20 but we schulen do this thing to hem, sotheli be thei reserued that thei lyue, lest the ire of the Lord be stirid ayens vs, if we forsweren to hem;
Dit zullen wij hun doen, dat wij hen bij het leven behouden, opdat geen grote toorn over ons zij, om des eeds wil, dien wij hun gezworen hebben.
21 but so lyue thei, that thei hewe trees, and bere watris, in to the vsis of al the multitude. And while thei spaken these thingis,
Verder zeiden de oversten tot hen: Laat hen leven, en laat ze houthouwers en waterputters zijn der ganse vergadering, gelijk de oversten tot hen gezegd hebben.
22 Josue clepide Gabonytis, and seide to hem, Whi wolden ye disseyue vs bi fraude, `that ye seiden, We dwellen ful fer fro you, sithen ye ben in the myddis of vs?
En Jozua riep hen, en sprak tot hen, zeggende: Waarom hebt gijlieden ons bedrogen, zeggende: Wij zijn zeer verre van ulieden gezeten, daar gij in het midden van ons zijt wonende?
23 Therfor ye schulen be `vndur cursyng, and noon schal faile of youre generacioun, hewynge trees and berynge watris, in to the hows of my God.
Nu dan, vervloekt zijt gijlieden! en onder ulieden zullen niet afgesneden worden knechten, noch houthouwers, noch waterputters ten huize mijns Gods.
24 Whiche answeryden, It was told to vs thi seruauntis, that thi Lord God bihiyte to Moises, his seruaunt, that he schulde bitake to you al the lond, and schulde leese alle the dwelleris therof; therfor we dredden greetli, and purueiden to oure lyues, and weren compellid bi youre drede, and we token this counsel.
Zij dan antwoordden Jozua, en zeiden: Dewijl het aan uw knechten zekerlijk was te kennen gegeven, dat de HEERE, uw God, Zijn knecht Mozes geboden heeft, dat Hij ulieden al dit land geven, en al de inwoners des lands voor ulieder aangezicht verdelgen zoude, zo vreesden wij onzes levens zeer voor ulieder aangezichten; daarom hebben wij deze zaak gedaan.
25 `Now forsothe we ben in `thin hond; do thou to vs that, that semeth riytful and good to thee.
En nu, zie, wij zijn in uw hand; doe, gelijk het goed en gelijk het recht is in uw ogen ons te doen.
26 Therfor Josue dide, as he seide, and delyuerede hem fro the hondis of the sones of Israel, that thei schulden not be slayn.

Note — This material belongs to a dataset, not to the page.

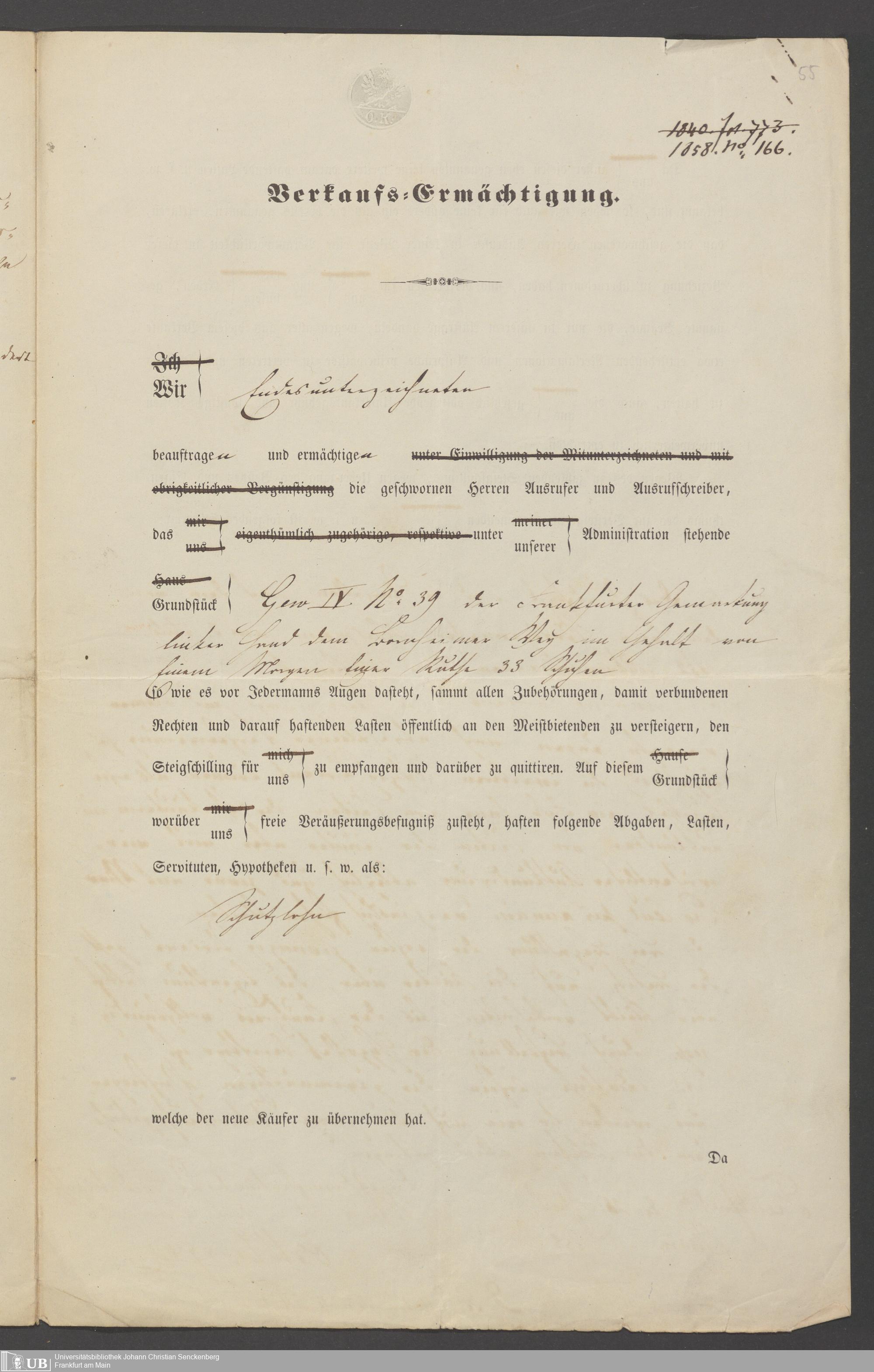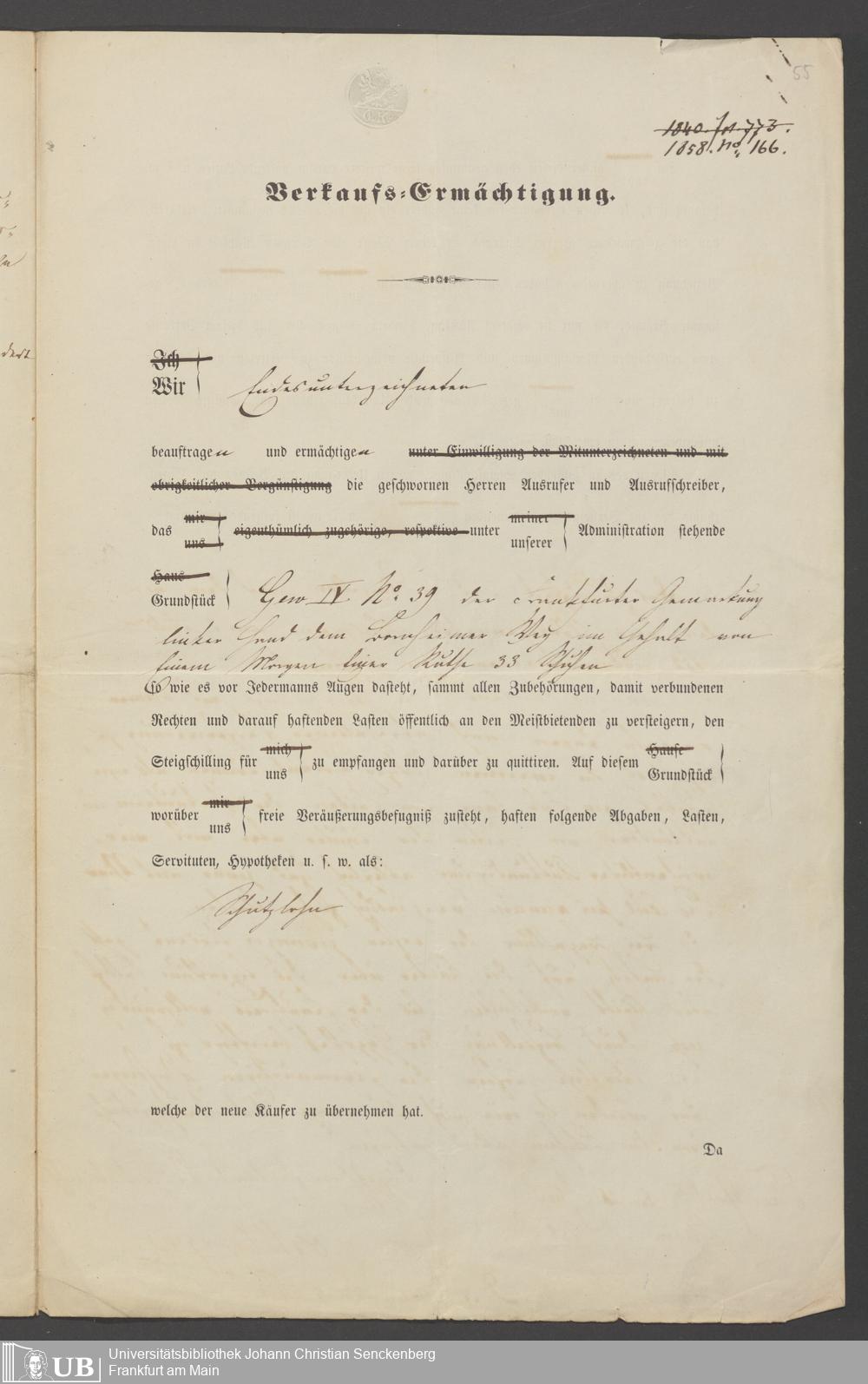 B 5 Dr. Senckenbergische Stiftung, 78 - Kaufvertrag über einen Garten
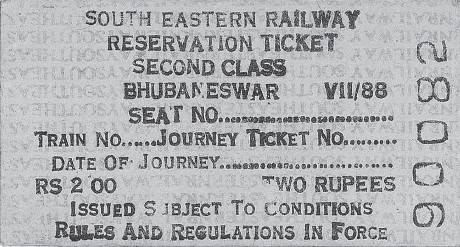 Билет до Бхубанешвара, куда я отправился во время моего путешествия по Индии в 1989 году с Эммой Вестлейк и Джеки Хит

Zo deed hij hun alzo, en hij verloste hen van de hand der kinderen Israels, dat zij hen niet doodsloegen.
27 And in that dai Josue demyde hem to be in to the seruyce of al the puple, and of the auter of the Lord, and to hewe trees, and to bere watris, `til in to present tyme, in the place which the Lord hadde chose.
Alzo gaf Jozua hen over ten zelven dage tot houthouwers en waterputters der vergadering, en dat tot het altaar des HEEREN, tot dezen dag toe, aan de plaats, die Hij verkiezen zoude.